Try it: Everything from the line that holds "Schoonheid ligt soms" through the end of the listing below must be retyped word for word, without any pictures.

Data:

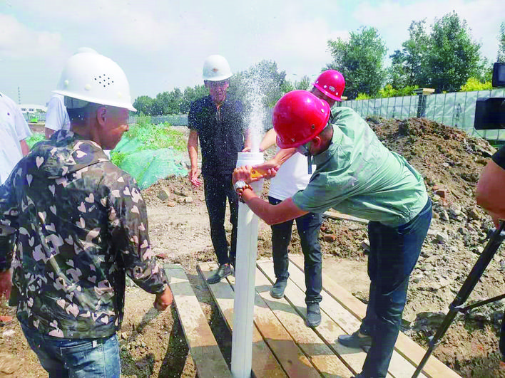 經(jīng)開(kāi)區(qū)觀天下二期項(xiàng)目用水工程從報(bào)裝到通水僅用了40分鐘。圖為工作人員打開(kāi)水管閥門(mén)?!绑@喜!”20日, 上午,在經(jīng)開(kāi)區(qū)觀天下二期項(xiàng)目的工地.上,吉林富騰集團(tuán)房地產(chǎn)開(kāi)發(fā)有限責(zé)任公司總經(jīng)理助理陳中秋看著水管里冒出的水流,高興得合不攏嘴。
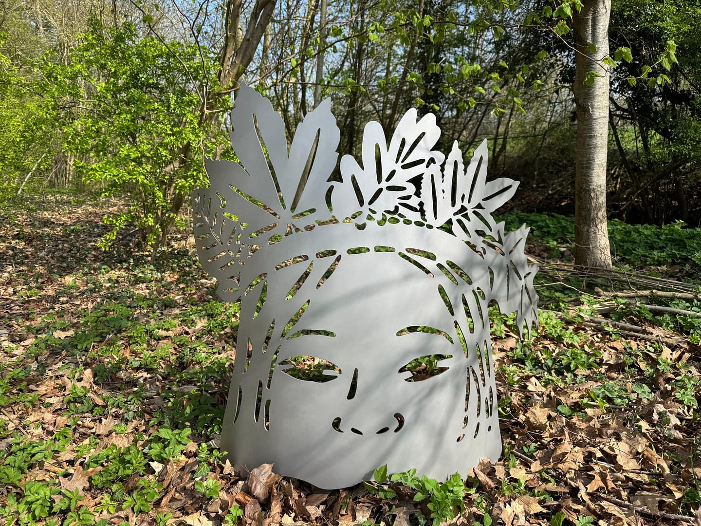 Schoonheid ligt soms vlak voor je voeten. Tijdens een boswandeling verzamelde ik alle verschillende blaadjes die ik vond. Ze werden de inspiratiebron voor ‘Moeder Aarde’. Getooid met bladerkroon steekt een vrouwfiguur haar hoofd net boven maaiveld uit.
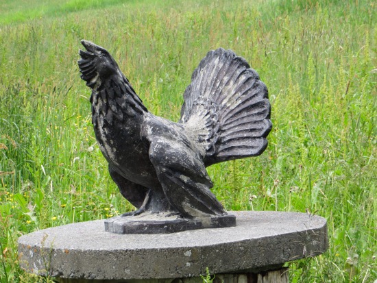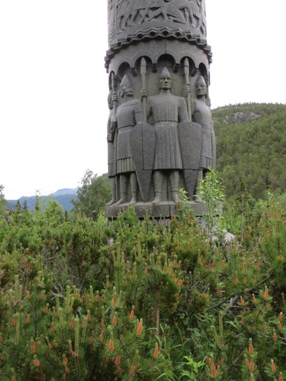 Norway in the rain is beautiful. In the sun, it is stunning. We were following the river that crashes through Lom. We didn’t drive far before making one of the forty or so stops that we would make to take a picture and look around. There was a strange monument with Vikings who looked like they belonged in the Ring Trilogy. It was designed like Trajan’s Column. I think I liked the stone chickens lining the driveway better. Of course, there was a bear.

Response to the task:
 Schoonheid ligt soms vlak voor je voeten. Tijdens een boswandeling verzamelde ik alle verschillende blaadjes die ik vond. Ze werden de inspiratiebron voor ‘Moeder Aarde’. Getooid met bladerkroon steekt een vrouwfiguur haar hoofd net boven maaiveld uit.
 Norway in the rain is beautiful. In the sun, it is stunning. We were following the river that crashes through Lom. We didn’t drive far before making one of the forty or so stops that we would make to take a picture and look around. There was a strange monument with Vikings who looked like they belonged in the Ring Trilogy. It was designed like Trajan’s Column. I think I liked the stone chickens lining the driveway better. Of course, there was a bear.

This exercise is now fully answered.